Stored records
Start of Block
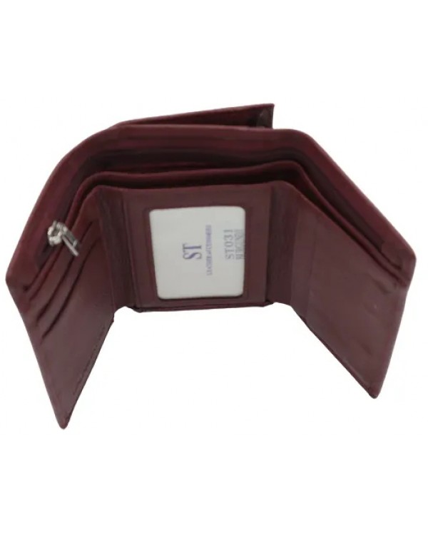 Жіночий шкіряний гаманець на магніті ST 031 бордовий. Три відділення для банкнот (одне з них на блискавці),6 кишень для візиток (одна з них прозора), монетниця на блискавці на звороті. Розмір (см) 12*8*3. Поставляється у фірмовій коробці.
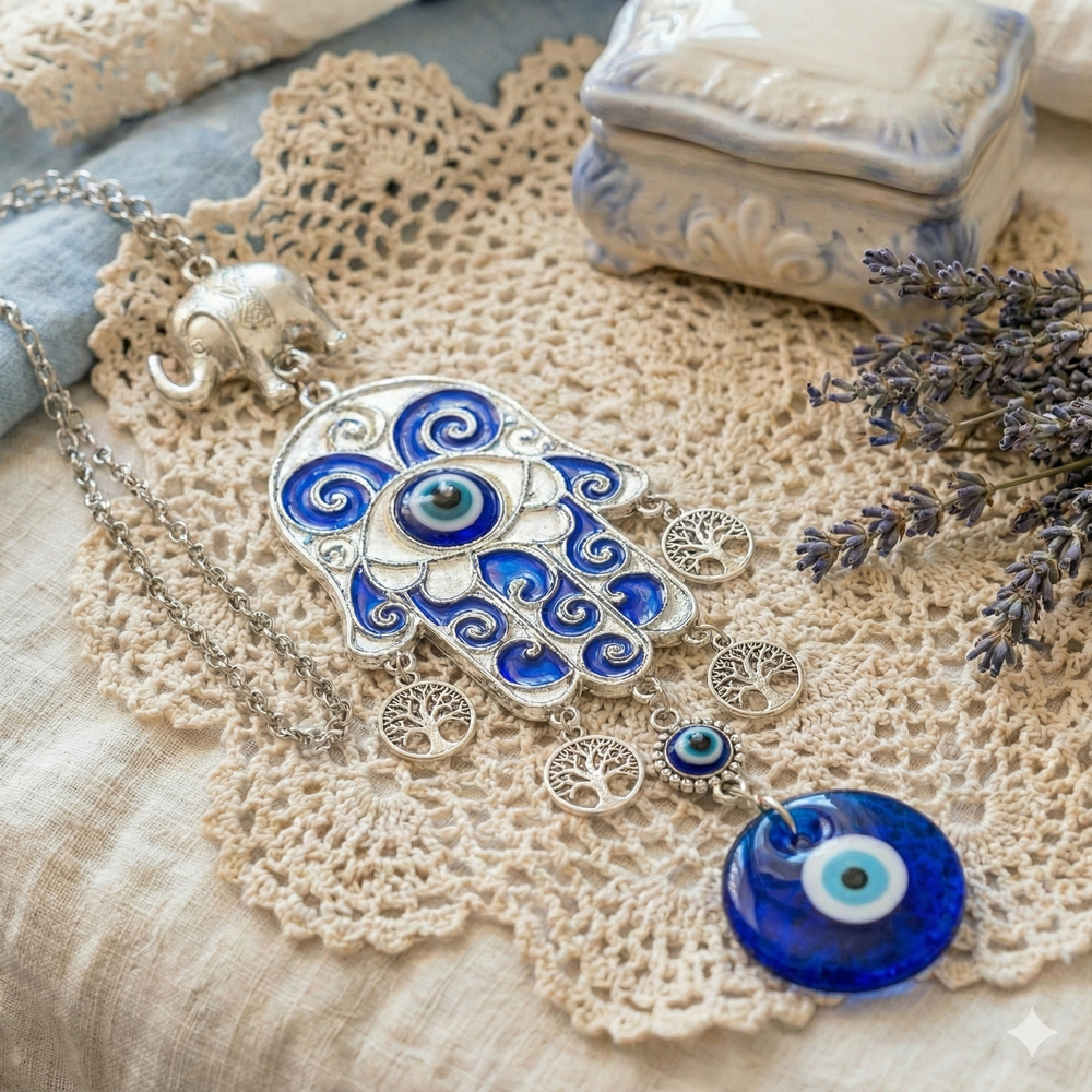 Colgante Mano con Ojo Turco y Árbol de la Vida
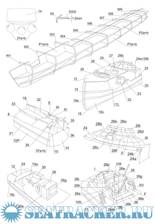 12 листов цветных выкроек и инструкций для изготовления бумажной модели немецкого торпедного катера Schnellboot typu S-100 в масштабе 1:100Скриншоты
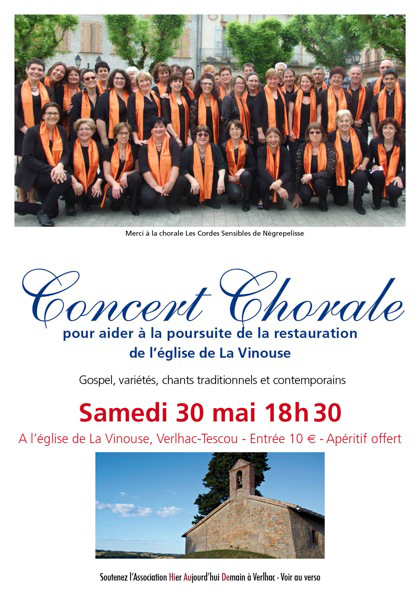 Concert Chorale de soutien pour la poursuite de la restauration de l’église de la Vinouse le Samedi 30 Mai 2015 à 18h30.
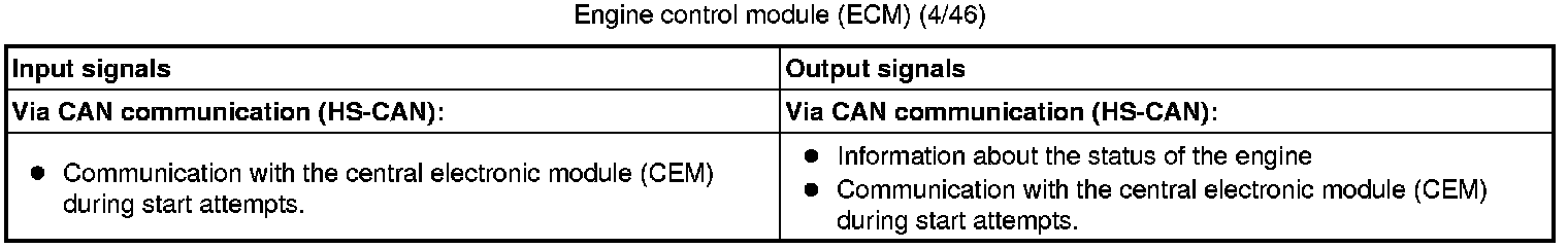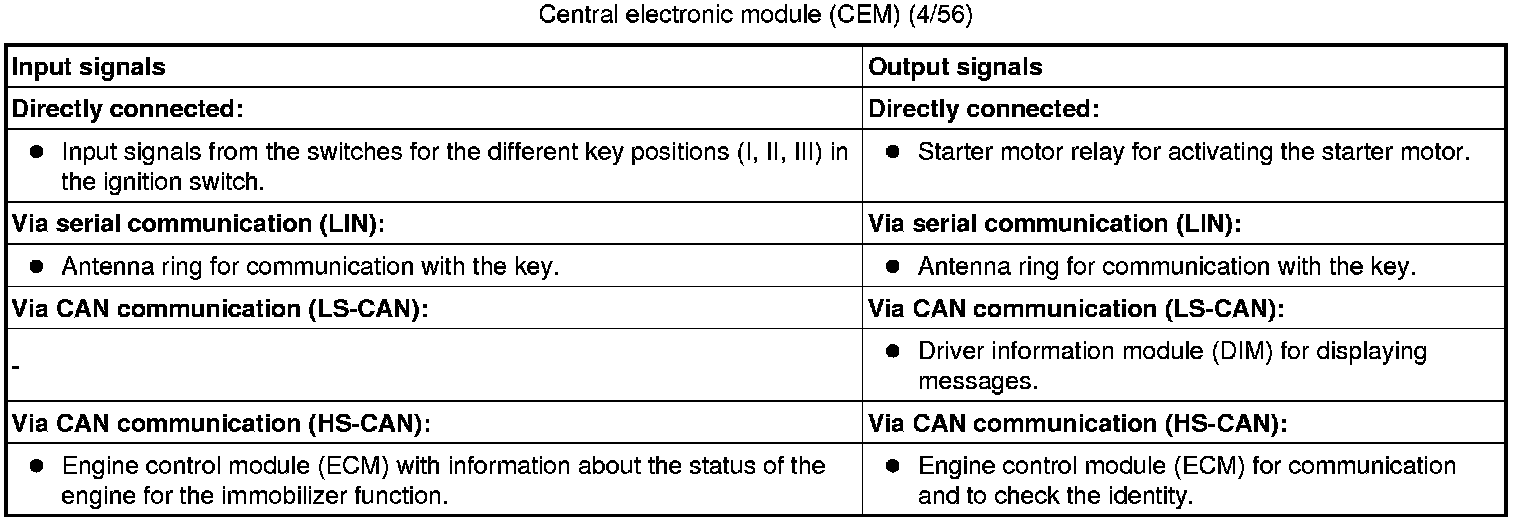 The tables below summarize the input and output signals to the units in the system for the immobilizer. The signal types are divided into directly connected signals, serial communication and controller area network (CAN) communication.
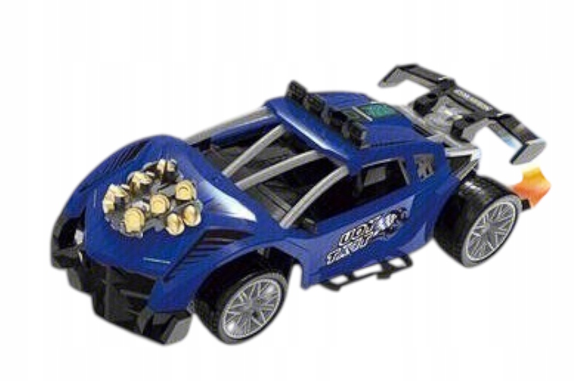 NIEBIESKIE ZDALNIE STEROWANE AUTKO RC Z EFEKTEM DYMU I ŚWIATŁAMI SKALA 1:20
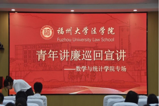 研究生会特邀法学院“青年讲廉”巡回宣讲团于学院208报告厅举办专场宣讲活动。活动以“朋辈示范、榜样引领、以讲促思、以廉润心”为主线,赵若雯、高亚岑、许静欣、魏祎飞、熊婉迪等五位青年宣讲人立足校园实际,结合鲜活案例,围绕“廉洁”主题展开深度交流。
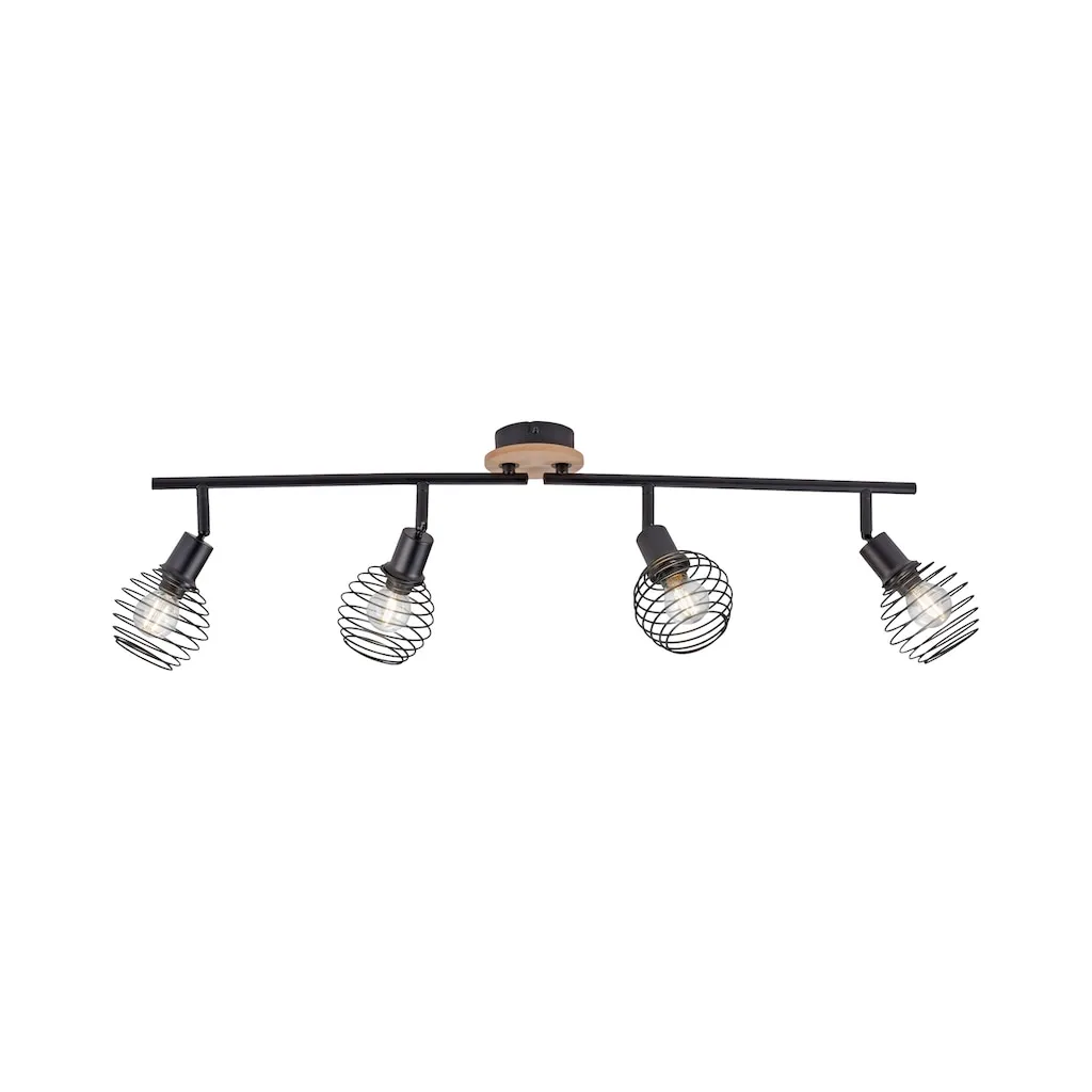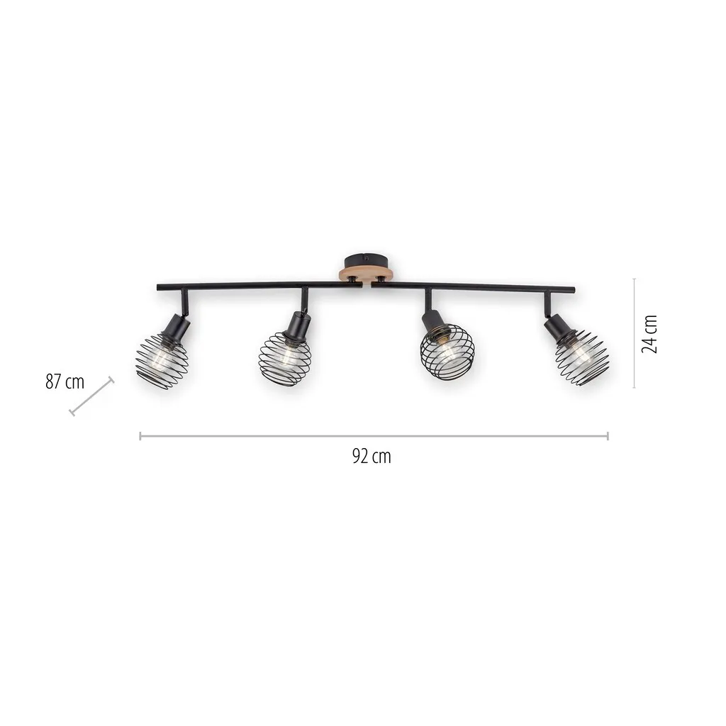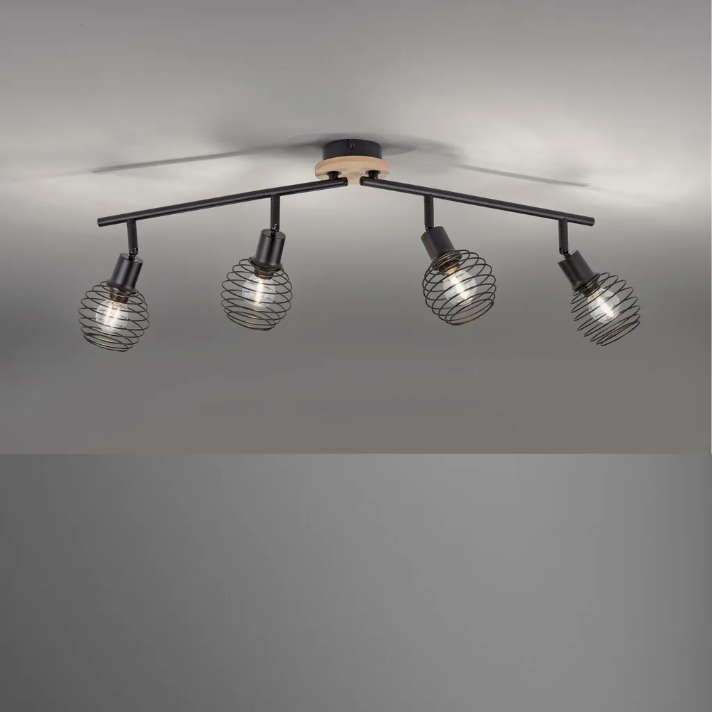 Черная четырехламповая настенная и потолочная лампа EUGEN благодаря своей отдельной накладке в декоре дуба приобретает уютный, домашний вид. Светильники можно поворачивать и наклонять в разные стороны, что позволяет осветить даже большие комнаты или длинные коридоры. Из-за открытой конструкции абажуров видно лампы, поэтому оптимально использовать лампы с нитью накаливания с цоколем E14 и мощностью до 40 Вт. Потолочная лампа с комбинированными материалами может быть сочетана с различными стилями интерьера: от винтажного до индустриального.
End of Block
Only the lines above from the one containing "12 листов цветных" through the one containing "The tables below" should be returned, verbatim and inclusive, with pictures excluded.

### Task response
 12 листов цветных выкроек и инструкций для изготовления бумажной модели немецкого торпедного катера Schnellboot typu S-100 в масштабе 1:100Скриншоты
 Concert Chorale de soutien pour la poursuite de la restauration de l’église de la Vinouse le Samedi 30 Mai 2015 à 18h30.
 The tables below summarize the input and output signals to the units in the system for the immobilizer. The signal types are divided into directly connected signals, serial communication and controller area network (CAN) communication.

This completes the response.